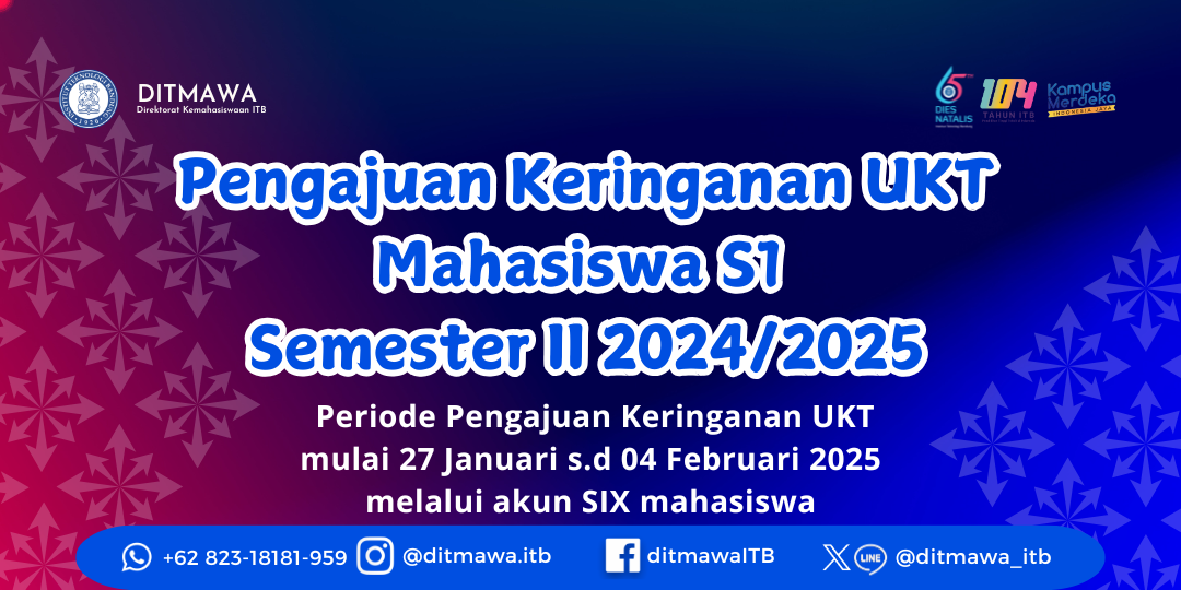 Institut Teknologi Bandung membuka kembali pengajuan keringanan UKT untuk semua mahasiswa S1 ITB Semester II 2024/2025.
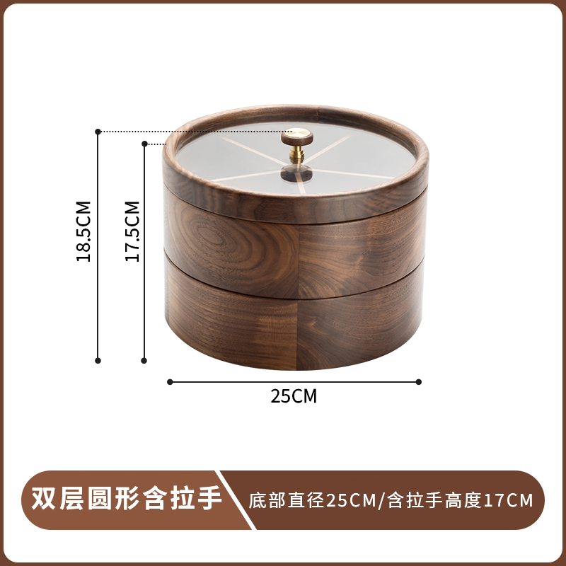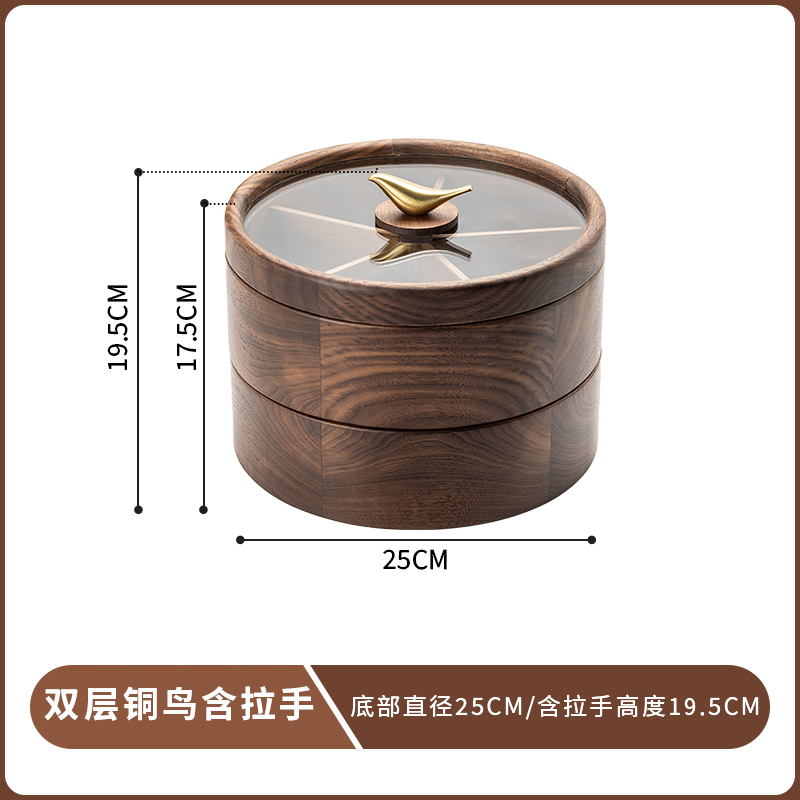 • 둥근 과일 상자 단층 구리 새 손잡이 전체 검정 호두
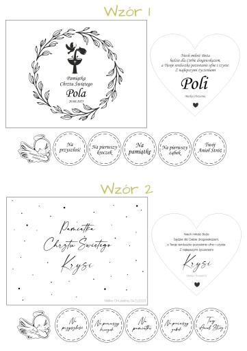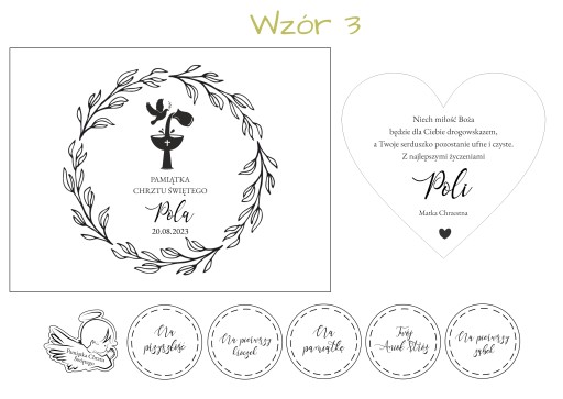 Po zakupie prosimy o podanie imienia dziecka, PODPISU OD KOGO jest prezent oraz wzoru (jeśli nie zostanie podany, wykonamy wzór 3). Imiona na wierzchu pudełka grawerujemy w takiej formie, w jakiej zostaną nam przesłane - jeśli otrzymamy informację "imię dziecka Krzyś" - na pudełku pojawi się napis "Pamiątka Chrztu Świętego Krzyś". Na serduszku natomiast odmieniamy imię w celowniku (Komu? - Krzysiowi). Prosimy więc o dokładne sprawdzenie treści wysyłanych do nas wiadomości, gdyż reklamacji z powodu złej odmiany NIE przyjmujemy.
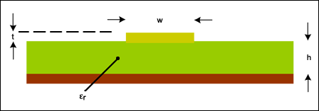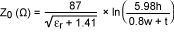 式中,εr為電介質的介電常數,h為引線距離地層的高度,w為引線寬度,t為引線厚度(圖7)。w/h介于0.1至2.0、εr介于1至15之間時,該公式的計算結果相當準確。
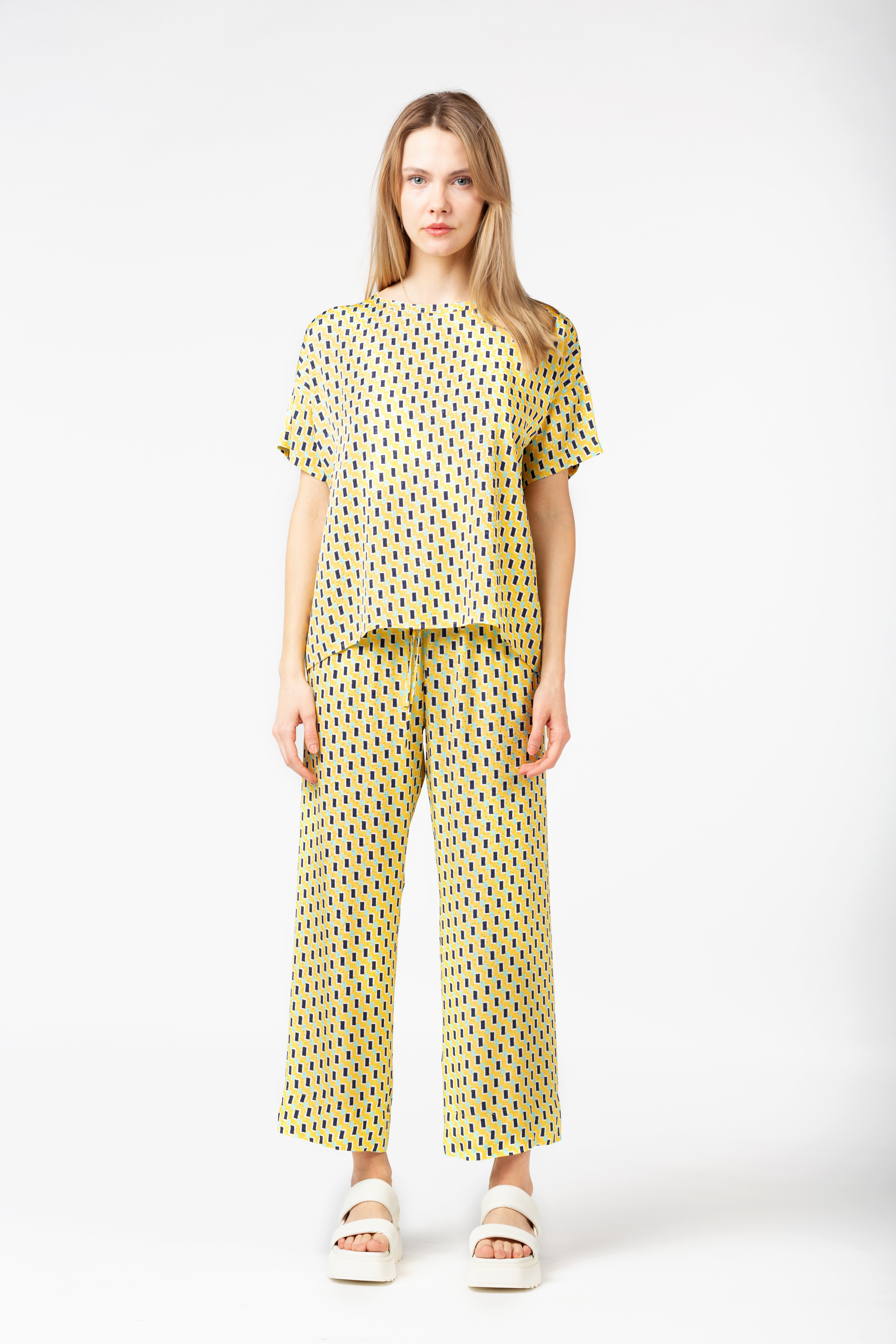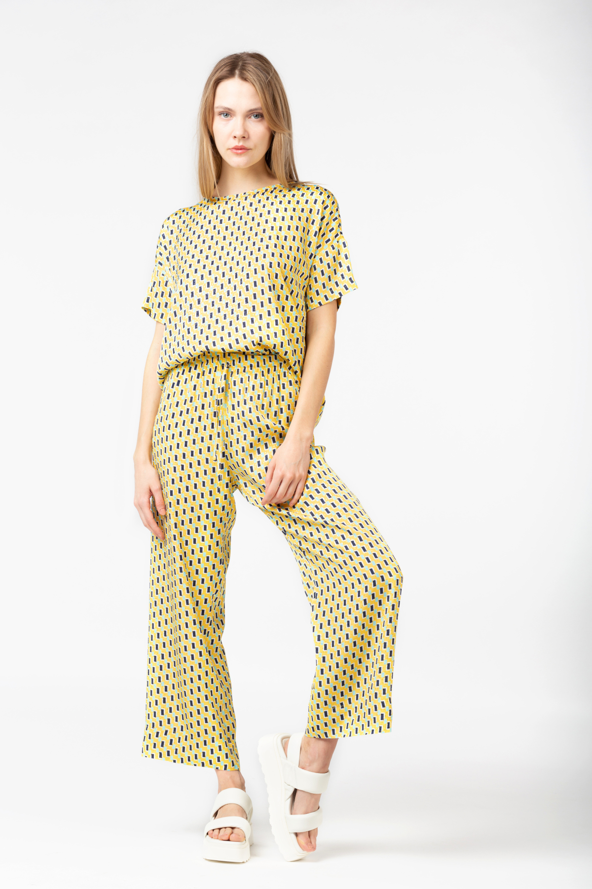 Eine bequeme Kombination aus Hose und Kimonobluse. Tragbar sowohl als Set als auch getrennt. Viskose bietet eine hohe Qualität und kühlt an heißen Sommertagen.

WORK INSTRUCTION: Retype the whole listing word for word. Skip the pictures.

SOLUTION FOR THIS PROBLEM:
 Institut Teknologi Bandung membuka kembali pengajuan keringanan UKT untuk semua mahasiswa S1 ITB Semester II 2024/2025.
 • 둥근 과일 상자 단층 구리 새 손잡이 전체 검정 호두
 Po zakupie prosimy o podanie imienia dziecka, PODPISU OD KOGO jest prezent oraz wzoru (jeśli nie zostanie podany, wykonamy wzór 3). Imiona na wierzchu pudełka grawerujemy w takiej formie, w jakiej zostaną nam przesłane - jeśli otrzymamy informację "imię dziecka Krzyś" - na pudełku pojawi się napis "Pamiątka Chrztu Świętego Krzyś". Na serduszku natomiast odmieniamy imię w celowniku (Komu? - Krzysiowi). Prosimy więc o dokładne sprawdzenie treści wysyłanych do nas wiadomości, gdyż reklamacji z powodu złej odmiany NIE przyjmujemy.
 式中,εr為電介質的介電常數,h為引線距離地層的高度,w為引線寬度,t為引線厚度(圖7)。w/h介于0.1至2.0、εr介于1至15之間時,該公式的計算結果相當準確。
 Eine bequeme Kombination aus Hose und Kimonobluse. Tragbar sowohl als Set als auch getrennt. Viskose bietet eine hohe Qualität und kühlt an heißen Sommertagen.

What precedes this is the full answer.